Мой отец - вечная ему память - имел в Чорткове антиквариат и массу
свободного времени, поэтому он читал философов и не брал в рот спиртного,
за исключением пейсаховки раз в год. Во Львове выходил тогда
антиалкогольный журнал "Благословенная трезвость", и один из сотрудников
редакции, зная о возвышенных интересах моего отца, попросил его написать
статью. Алкоголизм, ответил на это отец, дело отвратное, и лучше бы его не
было. Но если даже пустить в ход аргументы самого тяжелого калибра, все
равно ничего не выйдет, потому что "Благословенную трезвость" читают не
пьяницы, но одни только трезвенники, чтобы утвердиться в ощущении своего
превосходства, а если пьянице случайно завернут в эту газету селедку и на
глаза ему попадется моя статья, то он либо употребит ее сами знаете для
чего, либо тут же напьется с огорчения, что поддался столь пагубной
привычке. Я очень извиняюсь, но я не верю, чтобы писание таких мудрых,
глубоких книг о счастье и нравственности, которые писал лорд Рассел, могло
хоть одну муху спасти от обрывания крылышек. Когда я был малышом играл у
себя, мать время от времени кричала мне из другой комнаты: "Спутя,
перестань": она не знала, что я делаю, но ничего хорошего не ожидала; то
же самое можно сказать о человечестве. Оно, к сожалению, переставать не
желает. Отец выписывал "Иллюстрированный еженедельник" со снимками,
изображавшими Бремя Белого Человека: с пробковым шлемом на голове и
винчестером в руке он попирает ногой носорога, а за ним - толпа потных
голых негров с тюками на головах и ушками от кофейных чашек в носу. Тогда
я мечтал, чтобы негры сбросили с себя эти тюки и прогнали белых из Африки,
предварительно поломав об их спины винчестеры.
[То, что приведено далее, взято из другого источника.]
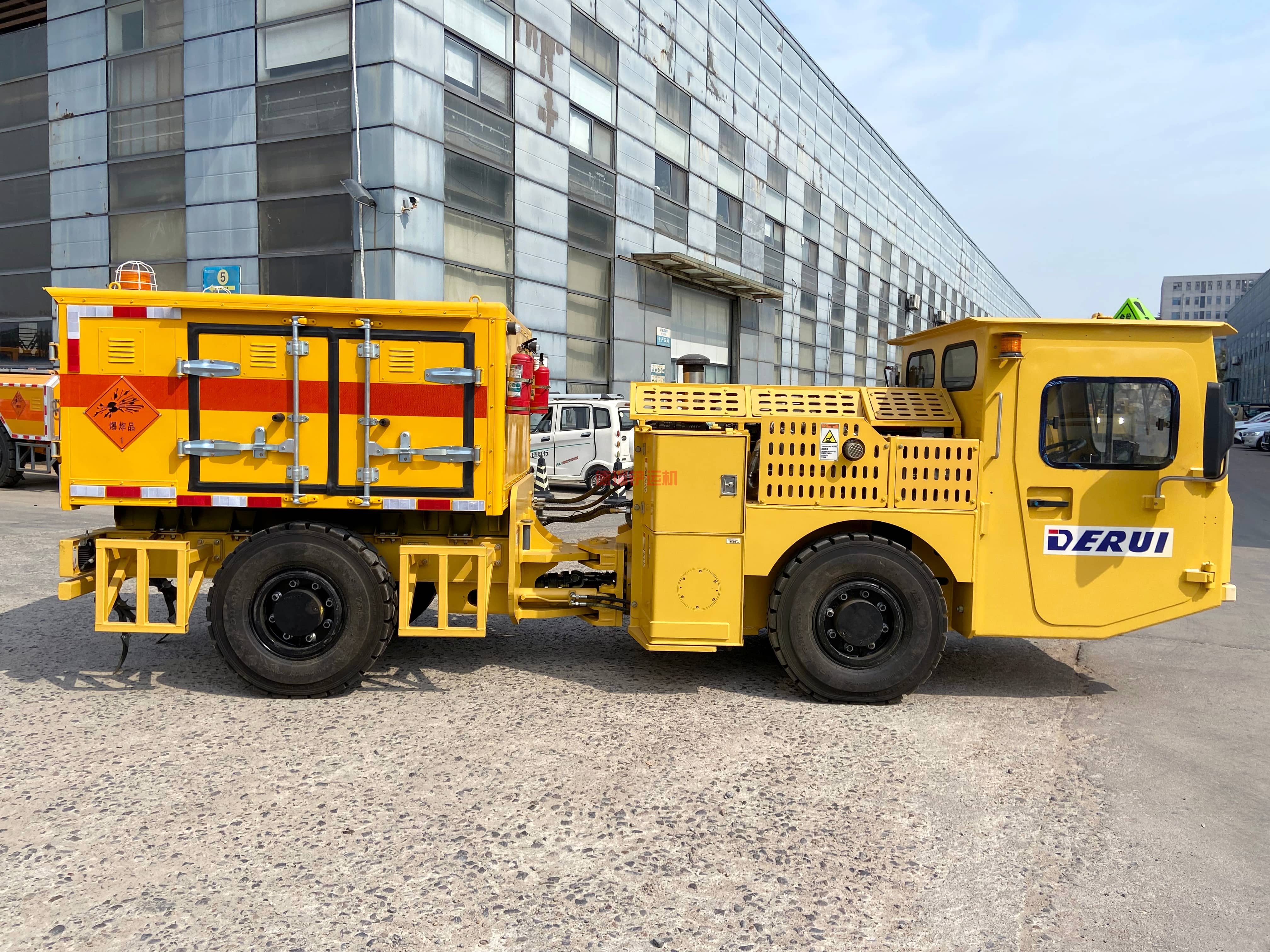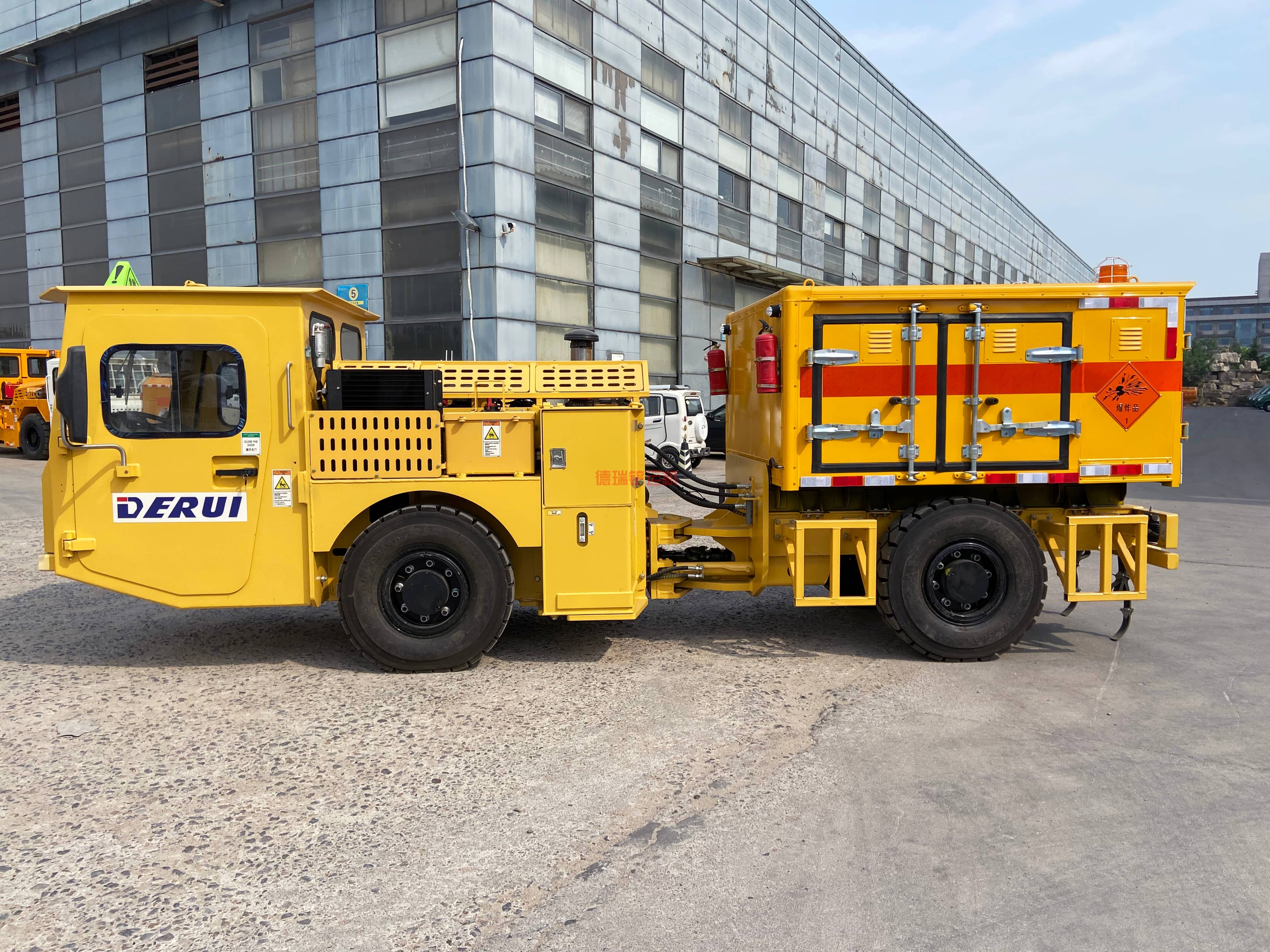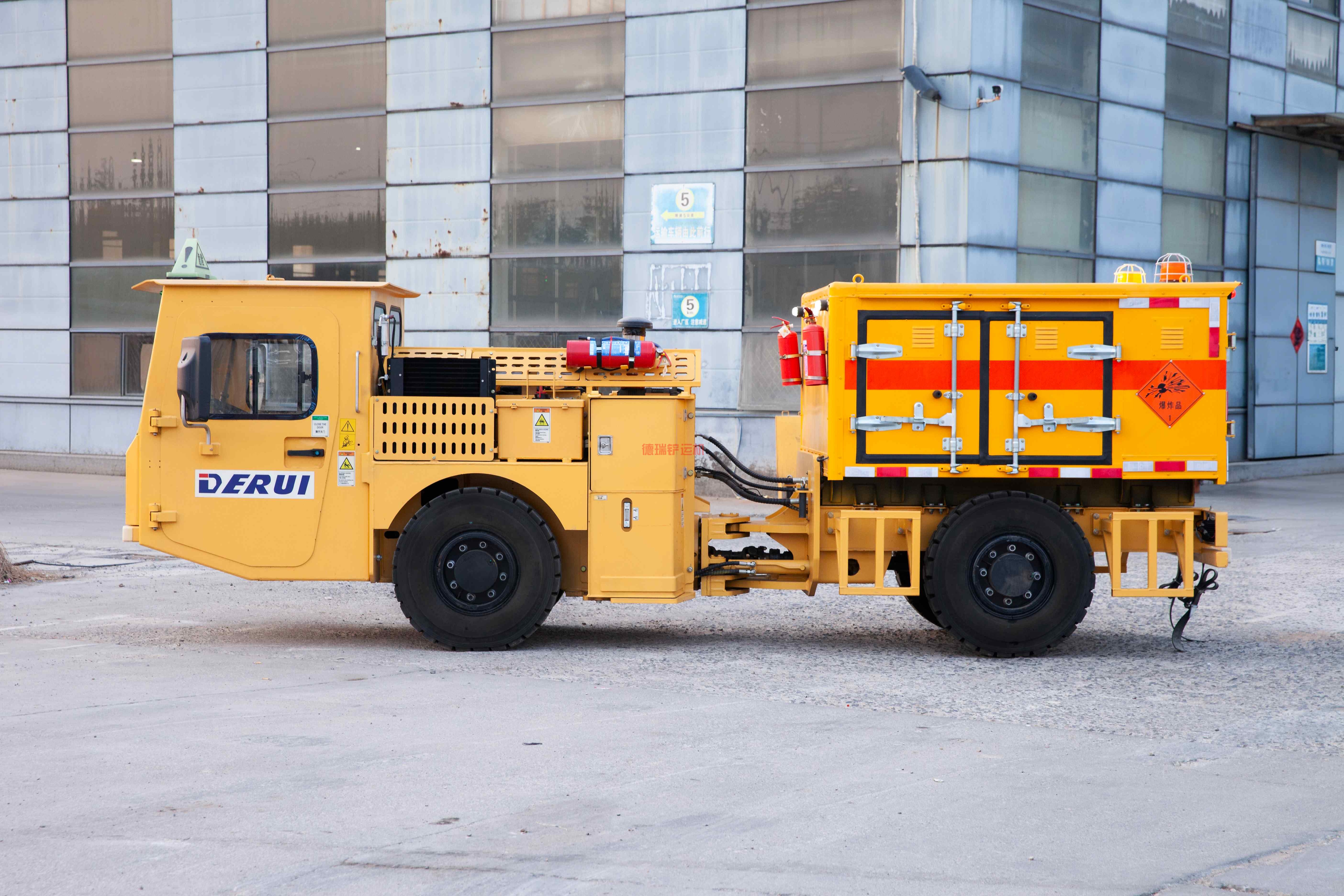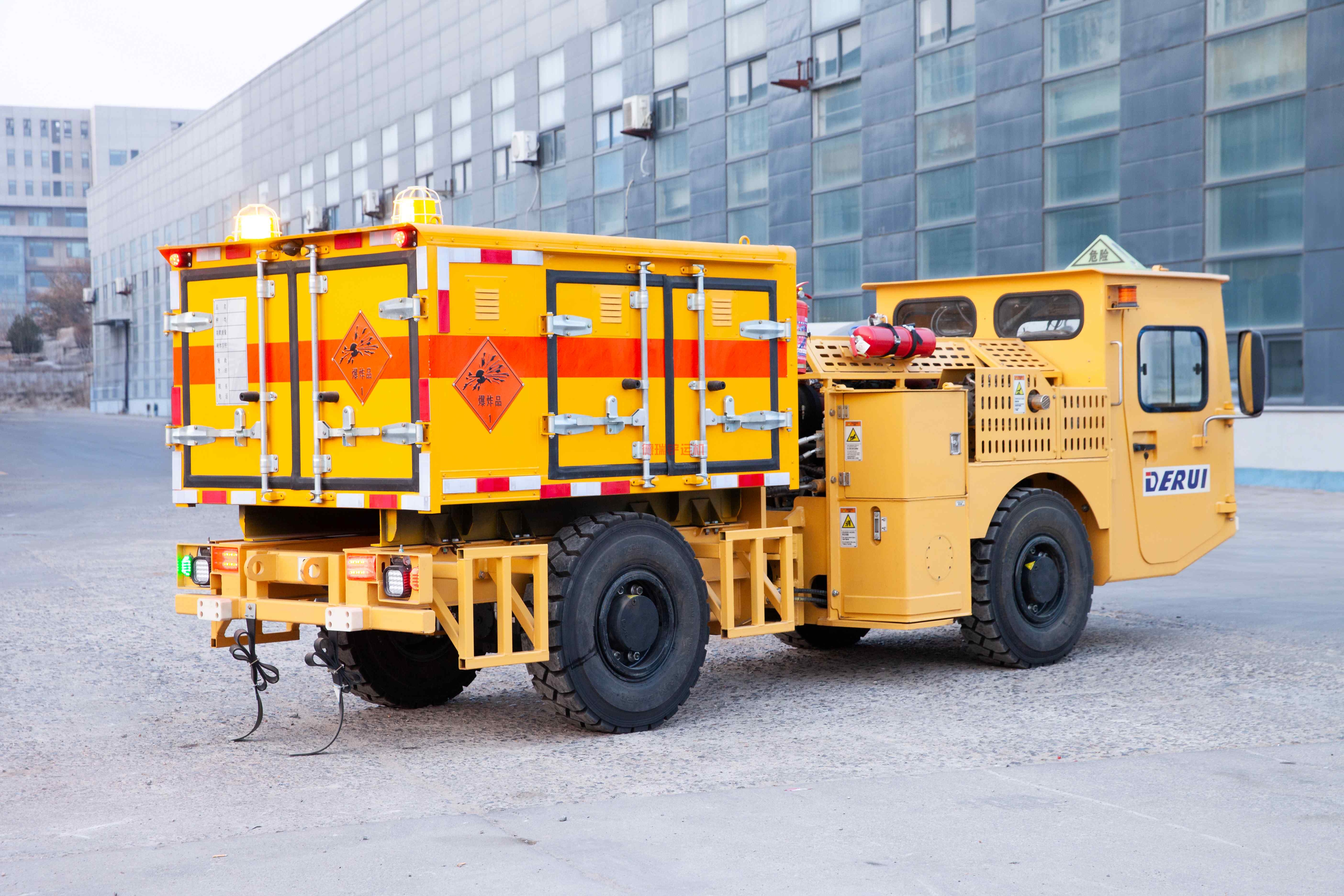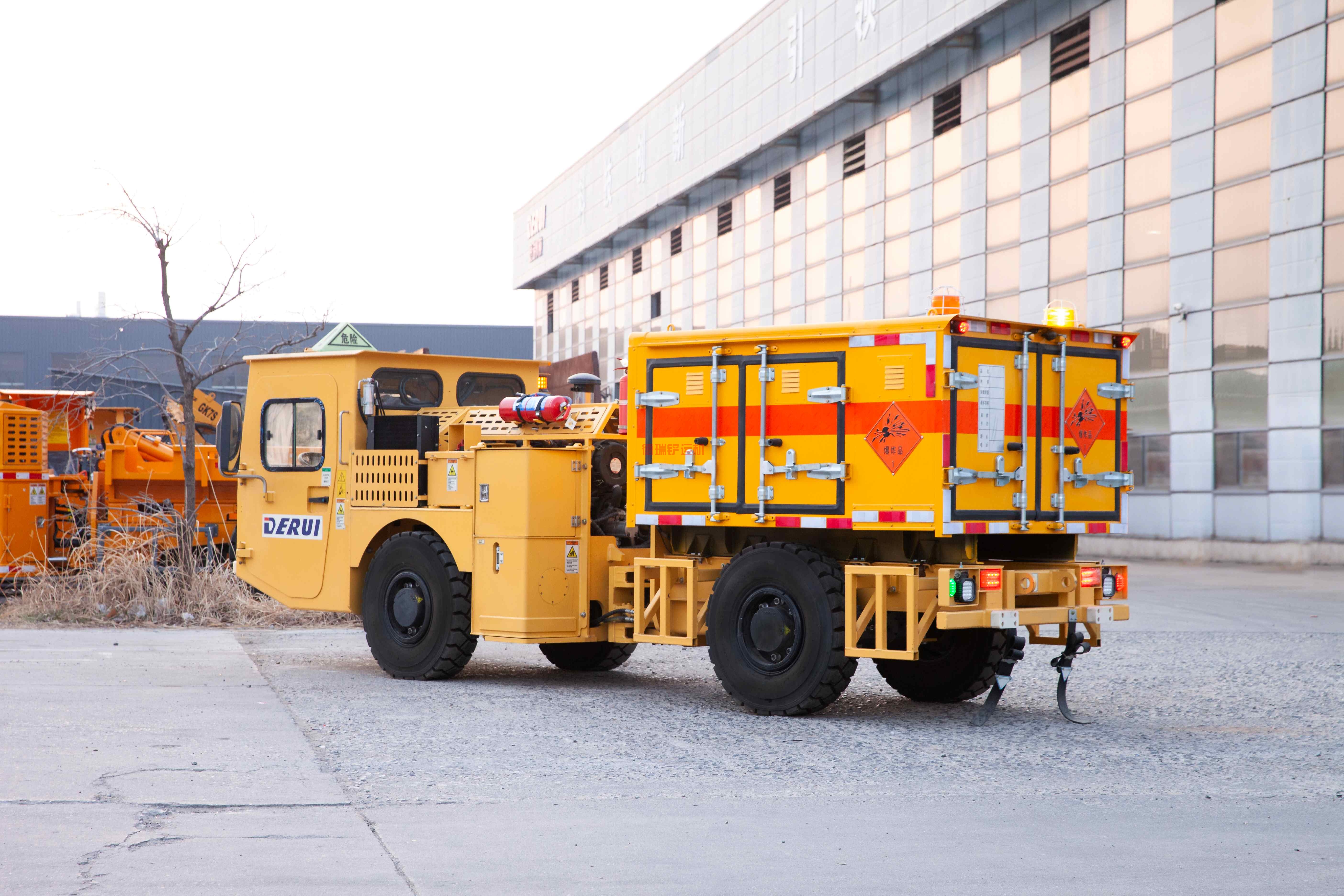 德瑞爆破器材运输车 FCB-1.5,适用于 2x2.5 米矿山隧道。该车主要用于井下 炸药运输,底盘设计专业,以柴油机为动力,适应能力强。
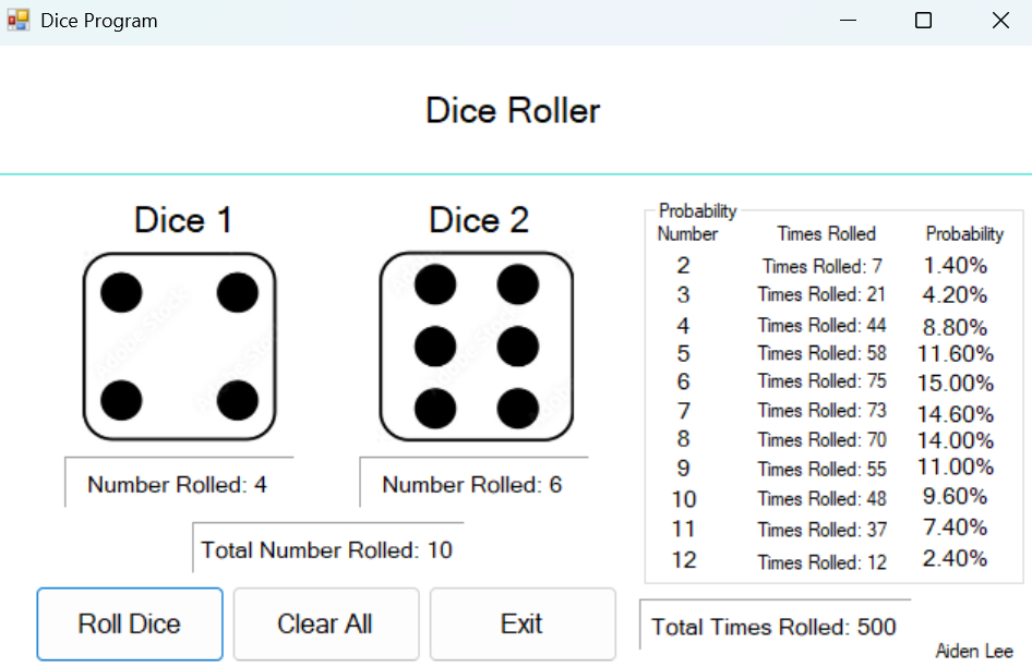 Dice Probability ProgramDate Completed: 9/23/25This program uses probability to roll

Я собирал станиоль от
шоколада "Хазет" для выкупа негритят и скатывал из него большие шары,
только не мог узнать, куда потом надо идти с таким шаром, чтобы выкупить
негритенка. А теперь нет уже этих белых эксплуататоров, есть только
чернокожие экс-капралы из Иностранного легиона, которые либо сами режут
своих чернокожих соплеменников, получивших докторскую степень в Кембридже,
либо поручают это своей лейб-гвардии, а орудия казни импортируют из Англии
и других высокоразвитых стран. Теперь чернокожие велят короновать себя
чернокожим, и лишь кишки, которые из них выпускают, такие же красные, как
и прежде. Теперь мы слышим не о карательных экспедициях, но о
государственных интересах, только я сомневаюсь, что для истребляемых это
составляет особую разницу. Нет уже Deutsch-Ostafrica [Немецкой Восточной
Африки (нем.)] и никаких вообще колоний, а одна сплошная независимость и
посторонним вмешиваться нельзя, чтобы никто не мог помешать суверенной
резне. Вы, господа, говорили здесь о всеобщем полном счастье, что,
дескать, полного иметь нельзя, а только крошечное. Счастье, конечно, вещь
относительная. Пятнадцати лет я попал в лагерь уничтожения, где людей
травили газом, как клопов. Я оставался в живых лишь потому, что Кацман,
второй заместитель коменданта, взял меня к себе для уборки дома, а дело
было летом, я натирал пол без рубашки, на коленях, и ему приглянулась моя
спина. Насколько я знаю, он хотел сделать подарок своей супруге, которая
жила в Гамбурге, и придумал абажур для ночника. Среди заключенных он нашел
специалиста по татуировке - там были даже знатоки санскрита, что, впрочем,
не имело для них практического значения, - и велел ему изобразить у меня
на спине трогательную картинку. Он был очень порядочным человеком, этот
татуировщик, и татуировал так медленно, как только можно, хотя Кацман его
торопил, потому что приближался Geburtstag [день рождения (нем.)] фрау
Кацман. На брючном ремне я делал насечки - сколько дней жизни мне еще
осталось, а потом Кацман получил письмо из Гамбурга, что его жена погибла
вместе с детьми при воздушном налете. Он не любил новых лиц, а может,
хотел к тому же проверить, как продвигается исполнение этой картинки,
короче, я по-прежнему у него убирался и видел его отчаяние. "O Gott, O
Gott [О Господи, Господи! (нем.)], - повторял он, - и за что на меня
свалилось такое несчастье?!" Он получил отпуск на похороны, уехал и уже не
вернулся. Благодаря этому я как-то выжил, потому что его преемник на
всякий случай держал меня под рукой, - а вдруг Кацман еще раз женится или
что-нибудь в этом роде, и абажур понадобится опять. Он только осматривал
меня иногда и говорил, что он это здорово сделал, тот татуировщик,
которого тем временем отправили в газовую камеру. Счастье, господа,
переплетается с несчастьем самым причудливым образом. Если бы я был тут
вживе, я показал бы вам эту картинку. С тех пор мне кажется, что людям
вполне должно хватать, если нет несчастья. Чтобы никто не мог давить
людей, как вшей у огня, и утверждать, что это, к примеру, высшая
историческая необходимость или предварительная стадия на пути к
совершенству, или же, что вообще ничего не происходит, а все это вражеская
пропаганда. Я не хотел бы задеть ни одного из вас, господа кассетонцы, я
не бросаю камешки в чей-либо огород, я не жажду ничьей крови, но множество
крови было пролито как раз из-за всевозможных разновидностей философии.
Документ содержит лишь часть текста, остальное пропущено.